Wednesday, June 29, 2011

More confusion on plagiarism: The case of Johann Hari

If you were to read the right-wing papers in the UK you'd think Johann Hari (a high-profile left-wing columnist at the Independent newspaper who has also published for Slate and other outlets) had committed a terrible terrible crime. Not unexpectedly his enemies, of which there are surprisingly many, want to see his head (well, they want to see him fired). The plagiarism charge is currently being leveled against Hari all over the place.

What makes this an interesting case is the nature of his transgression. Hari admitted essentially to using content as part of interviews that was not part of the actual interview in question. Say, he interviewed Hugo Chavez. Hari would include in the interview quotes from sources other than what was said during the interview (but the quotes were nonetheless verbatim quote from the person he interviewed, it's just that the stuff wasn't actually said during the interview but was published elsewhere by someone else).

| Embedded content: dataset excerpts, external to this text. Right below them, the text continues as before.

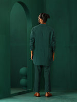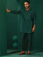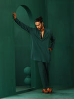 trueBrowns Men's Turquoise Dobby Co-ord SetDescription Missing Dent Co-ord set with regular fit and full sleeves. The product has 2 pockets. The pr...
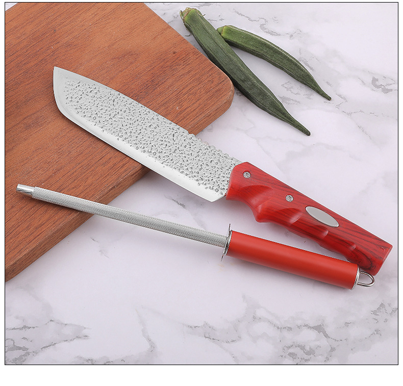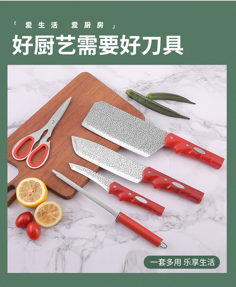 Comercio exterior venta al por mayor caliente malla roja mango cuchillo titular combinación regalo color en caja martillo de acero inoxidable patrón de seis piezas cuchillo conjunto
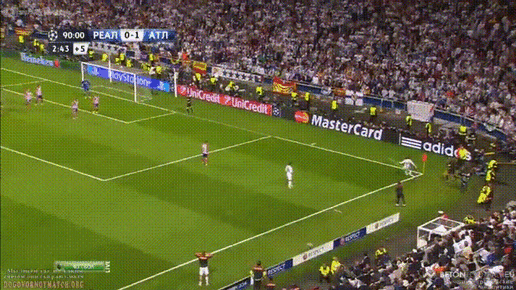 «Финал Лиги чемпионов 2014 года. Мадридское дерби – «Реал» против «Атлетико». Великое спасение «Реала» за счет гола Рамоса головой на 90-й минуте встречи. Вонзил мяч на угловом после подачи Лука Модрича. В овертаймах «Реал» добивается уверенной победы. Настоящий триумф клуба и капитана!» NostalGoal...
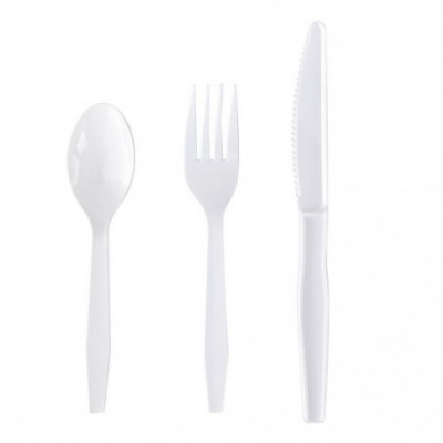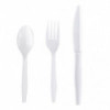 Three-Piece Polystyrene Cutlery Kit, Heavyweight, Fork/Knife/Spoon, Plastic, White, 250/Carton
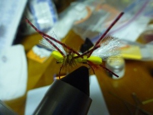 One of the things I took up this summer (and wish I had done years before) is fly tying…it adds a whole new dimension to my fishing! For the past 3 months I’ve only fished with the flies I’ve tied…had great success and some failures too. One of my favorite hatches on the Arkansas is the yellow sally stoneflies (Isoperla mormona aka little mormon girls). I saw a fly used on the rivers in Oregon and Washington called a Chubby Sally…so, I came up with my own version…hence the title above: Chubby Mormon Girl. Below are some photos of my rendition of the Chubby Sally of which I added a ginger hackle on the thorax. The browns on the Arkansas River go crazy for it during the evening magic hours.
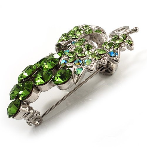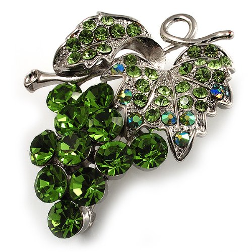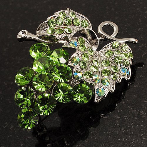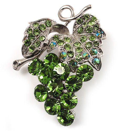 -. Title : Swarovski Crystal Bunch Of Grapes Brooch (Light Green, Silver Tone)
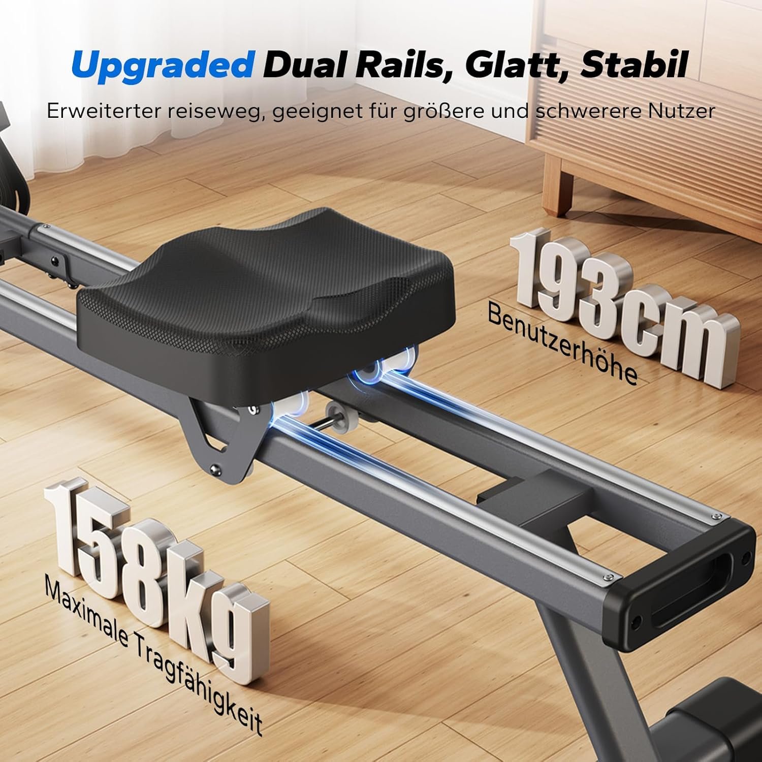 MERACH Magnet-Rudergerät | 16 Stufen, ultraleise, App-Anbindung, verbesserte Doppelschienen für hohe Stabilität, einfache Montage
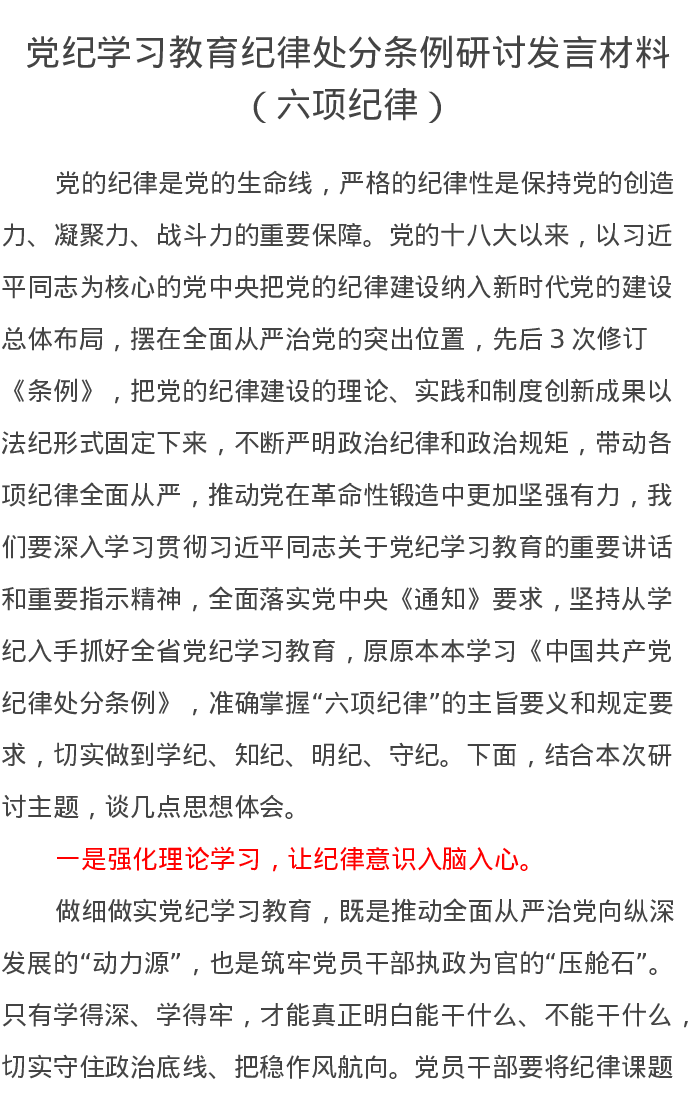 党纪学习教育纪律处分条例研讨发言材料(六项纪律)
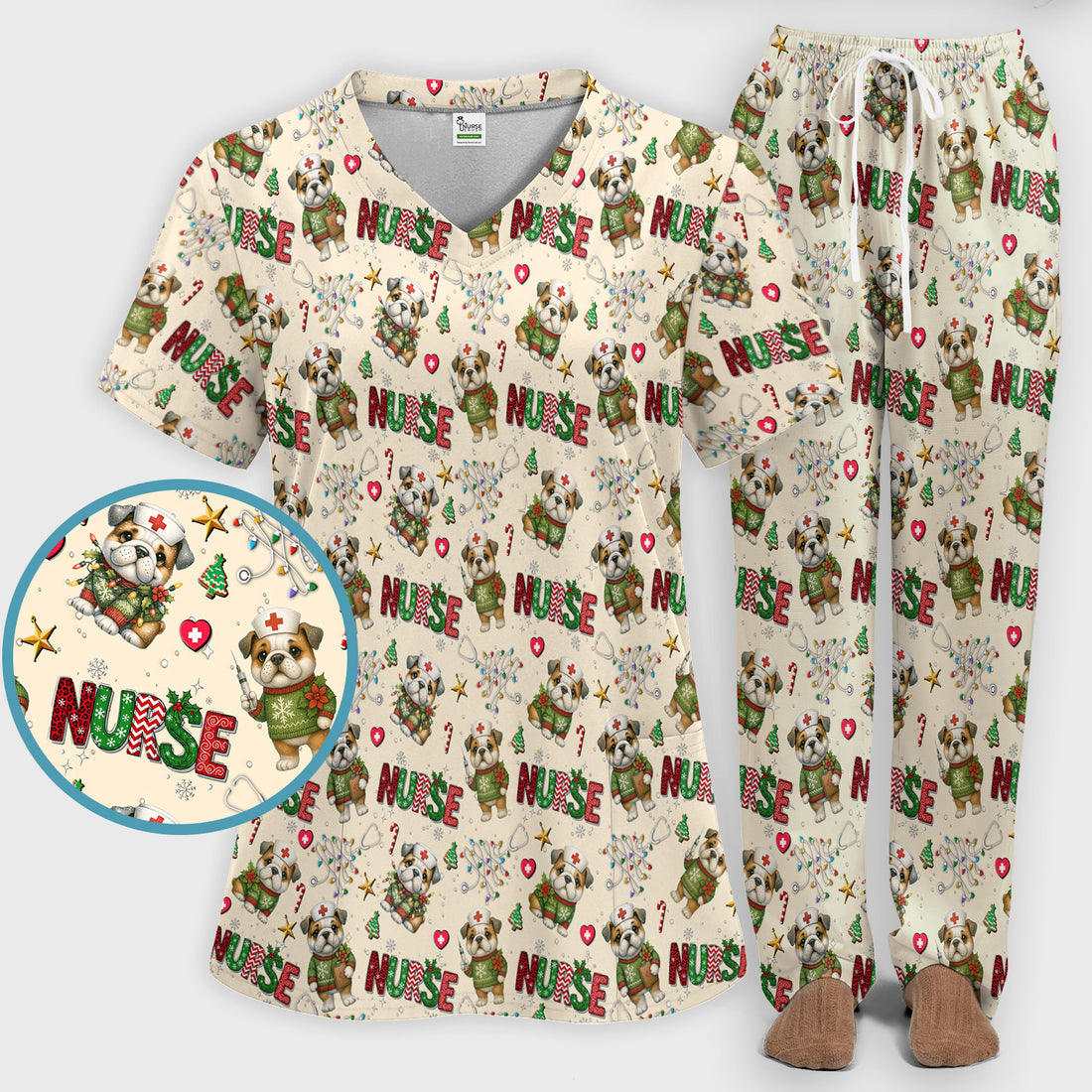 Bulldog Christmas Nurse Scrub Set - Funny Dog Scrubs Pants and V Neck Top - Cute Holiday Medical Uniform

What is interesting here is that by standard definitions of plagiarism he has not actually plagiarised anything. After all, he didn't pass someone else's content off as his own. The people he quoted during the interview really said the things he quoted, but they did not say it during he interview. It would have been correct and arguably required to give the other interviewer credit (ie the person who got the quote he eventually quoted as if it had been said during his own interview).

What Hari did is no doubt a bit dodgy, but does it really constitute plagiarism? Clearly not, because the intellectual content was corrected ascribed to whoever was quoted. However, he should have given credit to the person who managed to get the quote in question from the subject of the interview.

Did Hari commit a capital crime here? I don't think so. One understands the campaign run by the right-wing media against an unloved left-wing commentator and competitor, but to my mind it's time to move on. Hari admitted his errors, promised to change his ways. That should be the end of it. Plagiarism  he did clearly not commit.